Ele deu um assobio agudo e surgiu um garoto que trouxe um cupê e abriu a porta. O homem que falara conosco subiu para a boléia e nós entramos. Mal acabávamos de nos acomodar quando o cocheiro deu uma chicotada no cavalo, e passamos a correr pelas ruas cobertas de neblina.

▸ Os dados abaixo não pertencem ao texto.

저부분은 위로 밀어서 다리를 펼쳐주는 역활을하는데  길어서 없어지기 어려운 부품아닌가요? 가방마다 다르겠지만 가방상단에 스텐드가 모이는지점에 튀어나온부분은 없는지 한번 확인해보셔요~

A situação era curiosíssima. Íamos para um lugar desconhecido, com um fim também desconhecido. Ou o convite era um perfeito logro – o que era uma hipótese inconcebível – ou a nossa jornada teria um resultado importantíssimo. O comportamento da srta. Morstan continuava a ser resoluto e tranqüilo. Tentei entretê-la e diverti-la com as minhas reminiscências do Afeganistão, mas, para dizer a verdade, eu próprio estava tão excitado com a situação e tão curioso sobre o que ia acontecer, que as minhas histórias foram se arrastando. Ela diz agora que naquela noite contei uma história sobre um mosquete que surgiu na entrada da minha barraca de madrugada e que eu atirei com uma espingarda de dois canos num filhote de tigre. No início eu tinha uma idéia do lugar para onde nos dirigíamos, mas em pouco tempo, com a pressa, o nevoeiro e o pouco conhecimento que eu tinha de Londres, perdi a noção e só sabia que estávamos indo para longe.


Mas Sherlock Holmes nunca se confundia, e, enquanto o cupê passava por praças e tortuosas ruas secundárias, ele ia dizendo os nomes de todas elas.

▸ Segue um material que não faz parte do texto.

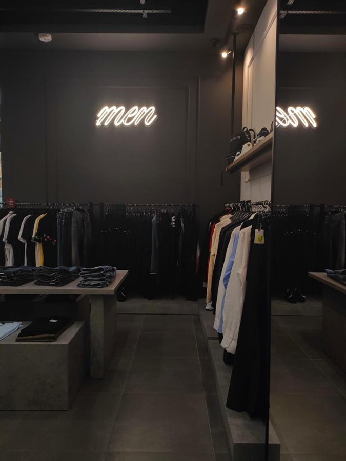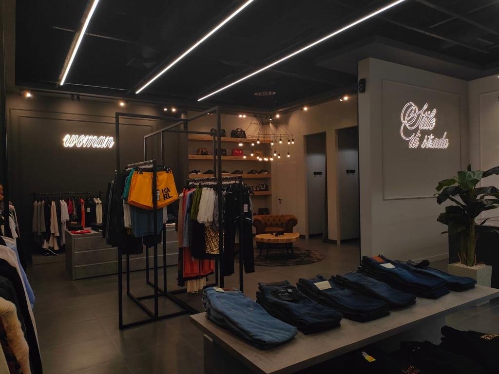 • Luksusowe wykończenie: Wnętrze butiku wyposażone jest w nowoczesne stojaki, wieszaki na odzież oraz stylowe meble, które tworzą harmonijną i atrakcyjną prezentację asortymentu.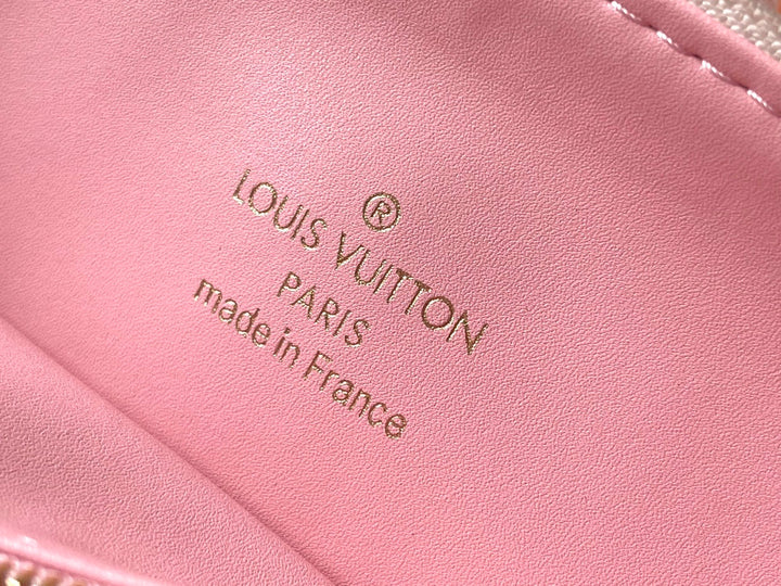 COUSSIN PM 26 IN CREAM RED MONOGRAM EMBOSSED LAMBSKIN GOLD HARDWARE

– Rochester Row – disse ele –, Vincent Square. Agora vamos sair na Vauxhall Bridge Road. Parece que estamos indo para os lados do Surrey. Eu imaginava isso. Agora estamos na ponte. Podemos ver uns trechos do rio.


Víamos de fato uns pedaços do Tâmisa com os lampiões brilhando na água silenciosa; mas o carro voava e logo entramos num labirinto de ruas do outro lado do rio.


Holmes ia dizendo os nomes.


– Wordsworth Road, Priory Road, Lark Hall Lane, Stockwell Place, Robert Street, Cold Harbour Lane. Não me parece que estejam nos levando para regiões muito elegantes.


De fato, tínhamos chegado a um bairro suspeito e repugnante. Longas filas de casas sombrias de tijolos eram iluminadas apenas pela claridade difusa e fraca das tabernas nas esquinas. Em seguida surgiram fileiras de villas de dois andares com um pequeno jardim na frente, e outra vez mais filas de construções novas de tijolos – os tentáculos do monstro que a cidade gigantesca impele para os arredores.


Por fim, o cupê parou na terceira casa de um loteamento novo. Nenhuma das outras casas estava habitada e aquela diante da qual paramos estava tão escura como as vizinhas, vendo-se apenas um filete de luz na janela da cozinha. Quando batemos, um criado hindu, vestido com túnica branca, um turbante amarelo na cabeça e uma larga faixa também amarela, abriu imediatamente a porta. Havia uma estranha incoerência nesta figura oriental ali à porta de uma casa ordinária num subúrbio de terceira classe.


– O sahib os espera – disse ele, e enquanto falava, ouvimos uma voz esganiçada que vinha do interior da casa.


– Traga-os, khitmutgar{1} – exclamou. – Traga-os já.